With the unit switched on, a quick press of the central button opens up the main menu, which is incredibly easy to navigate.
Here you can adjust general settings such as brightness, date and time, and also access the really simple single-shot zeroing mode. You can choose between 10 different reticle designs in nine different colours and set and save zero profiles for five different setups.
Zeroing and performance
Ease of use is a big feature of the Wraith, and the control menus and options are both very simple to navigate and also clearly labelled on the display, but I will explain the zeroing procedure.
All that you need to do is open the main menu with a quick press of the central button, and then scroll down and select the Reticle Settings menu.
Here you will find Reticle Colour and Reticle Style options, but you need to select Reticle Zero at the bottom. In this mode, simply shoot at a target at your chosen zero distance while aiming dead centre of the bull.

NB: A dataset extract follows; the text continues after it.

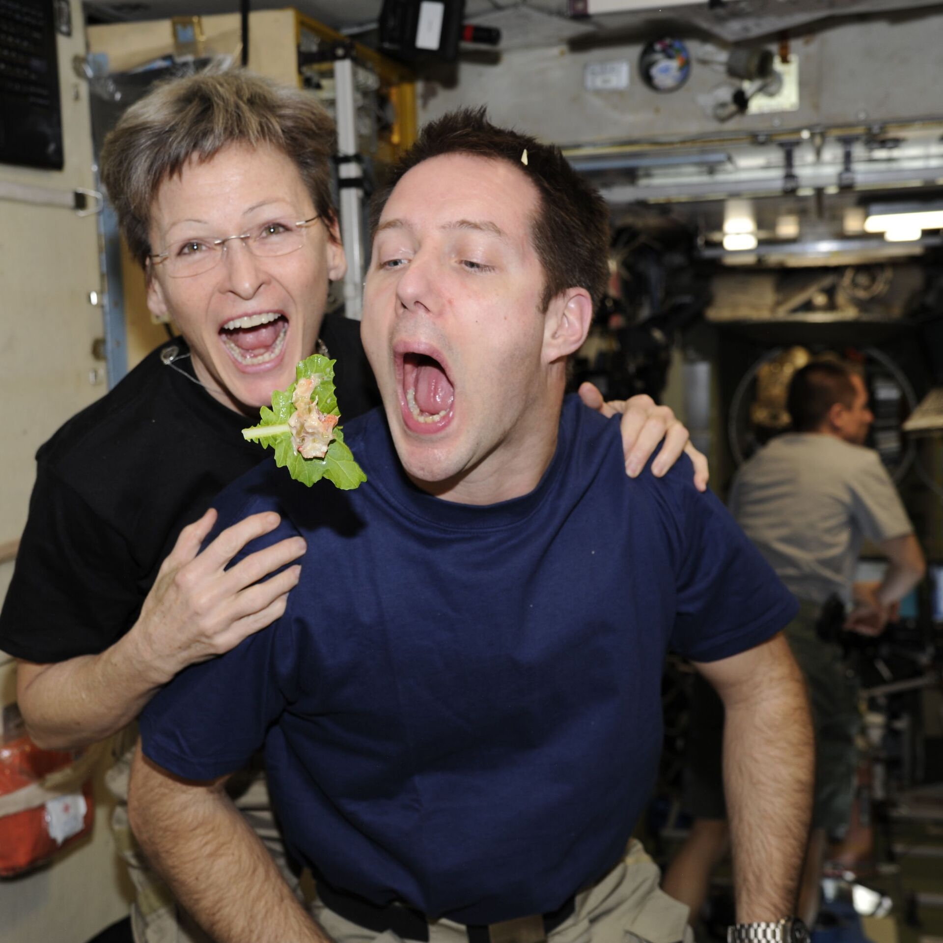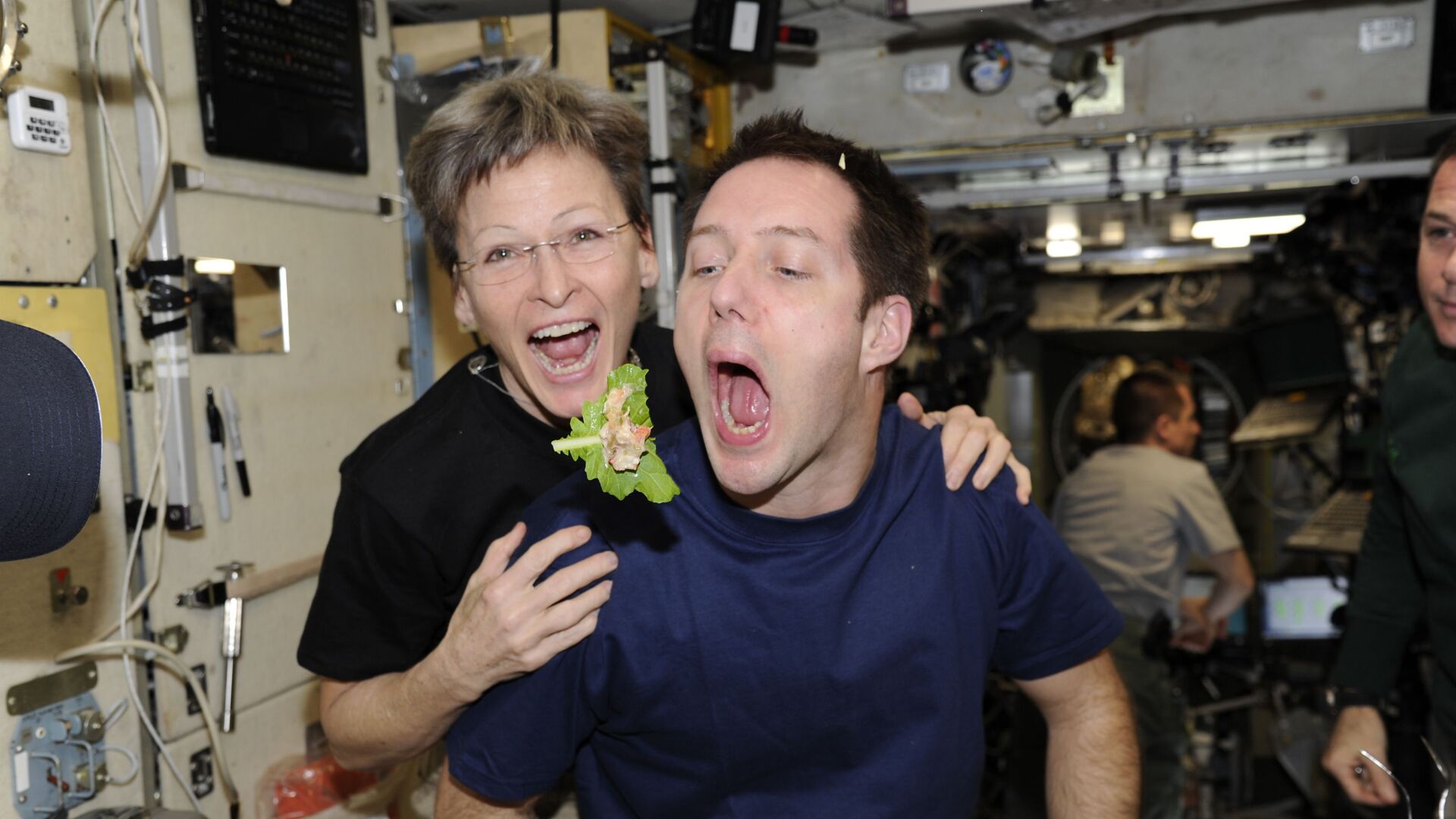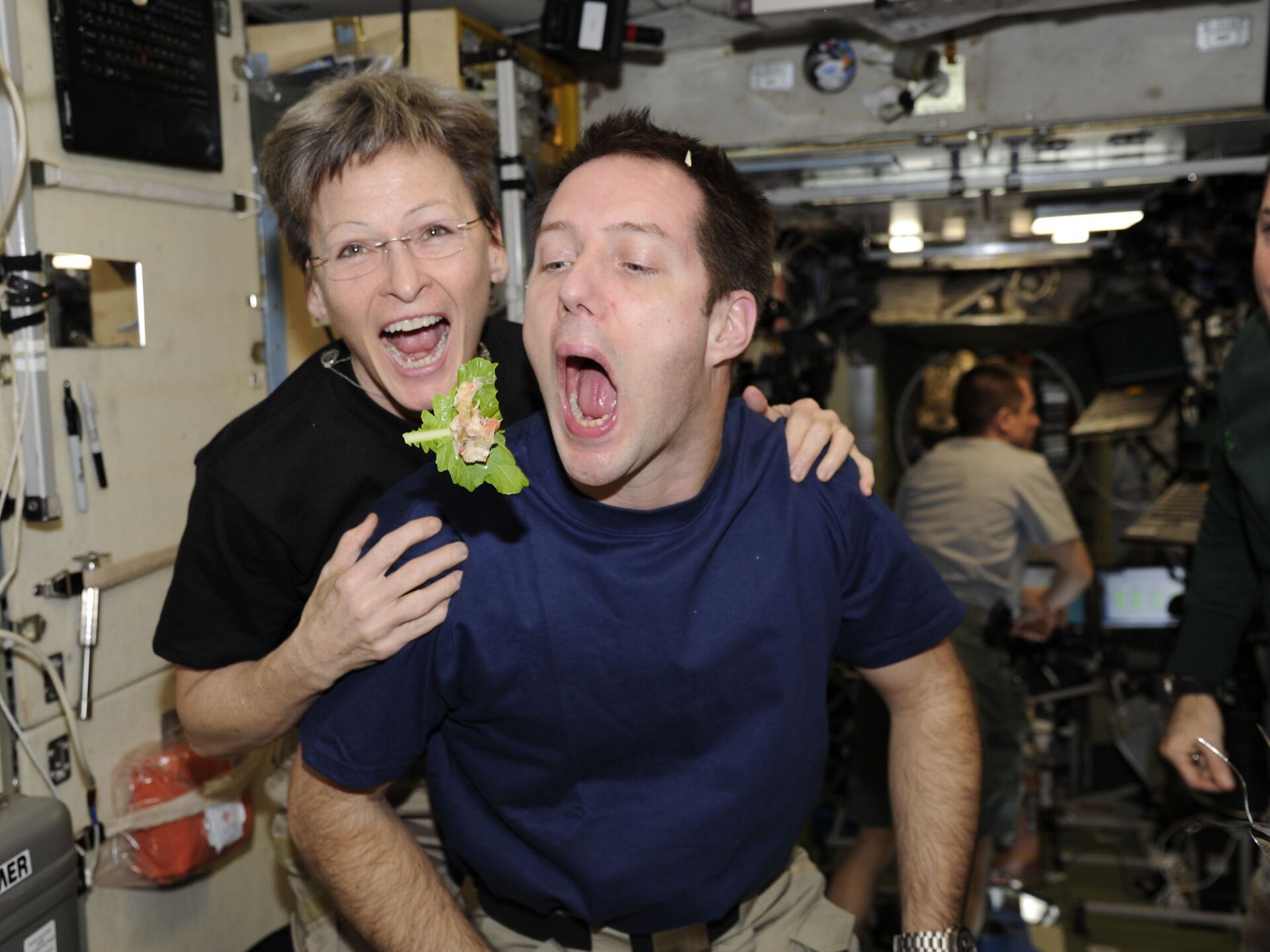 رائد الفضاء الفرنسي توما بيسشي، ورائدة الفضاء في "ناسا" بيجي ويتسون، يأكلان الخس الذي تم زراعته على متن محطة الفضاء الدولية

Keep the main reticle on target and the up, down, left and right buttons on the control console now move a secondary reticle in those directions. All you have to do is use the controls to move it until it corresponds with where the pellet struck while keeping the primary reticle on the bull.
Once you have it set, a press of the central button saves the zero. A few more shots at the bull will confirm whether you have it dead right or whether it needs further tweaking.
The Wraith runs on four AA batteries, installed by opening the cover on the left side of the unit which has a twist-lock mechanism. From those batteries, you can expect a runtime around three hours, depending on what you’re using.
Munching through batteries with digital NV can get expensive, and the Wraith’s USB connection allows the attachment of an external power bank such as the Sightmark Quick Detach Battery Pack, a great way to keep running for extended sessions.
This rechargeable power pack mounts to your gun via a Picatinny attachment and will massively increase run-time. It’s available from Scott Country for £89.99 and will soon pay for itself if you’re really putting in the hours.
Stated detection range for this model of the Sightmark Wraith is 200m, which is more than enough for airgun shooting, but I reckon you could boost it quite significantly by attaching a more powerful illuminator. Image quality by night is very good, remarkable for its price point. Rabbits can easily be spotted and clearly identified at the outer limits of the stated detection range.
And remember, this is a day and night scope, and it also produces a very good colour image by day so you can use it, and record the action, right around the clock.
I have used the Wraith for everything from backyard plinking by day to farmyard ratting and pony paddock rabbit shooting by night. It is a great all-rounder and has performed brilliantly during all of my testing. Image quality is very impressive – better than on some units costing twice as much, in fact.
Aside from the fact that it creates a sharp, bright picture whether by day or night, the thing that has impressed me the most about the Sightmark Wraith is just how user-friendly it is.
The menus are really intuitive and clear to follow, and the result is that it’s incredibly easy to use – all you need to worry about is getting on with the shooting. Apart from being a great choice for anyone who feels uneasy about overcomplicated digital tech, it will be a breath of fresh air for all of us who would rather just get on with the job in hand, and not have to scroll through endless arrays of confusing setup menus.
Solidly constructed and really simple to use, I think that the Sightmark Wraith can easily do just about everything that you could ask of from an infrared night vision gunsight.
Combine that with the fact that it is extremely competitively priced and I think it’s very hard to beat when it comes to a reliable and affordable optic for day and night hunting.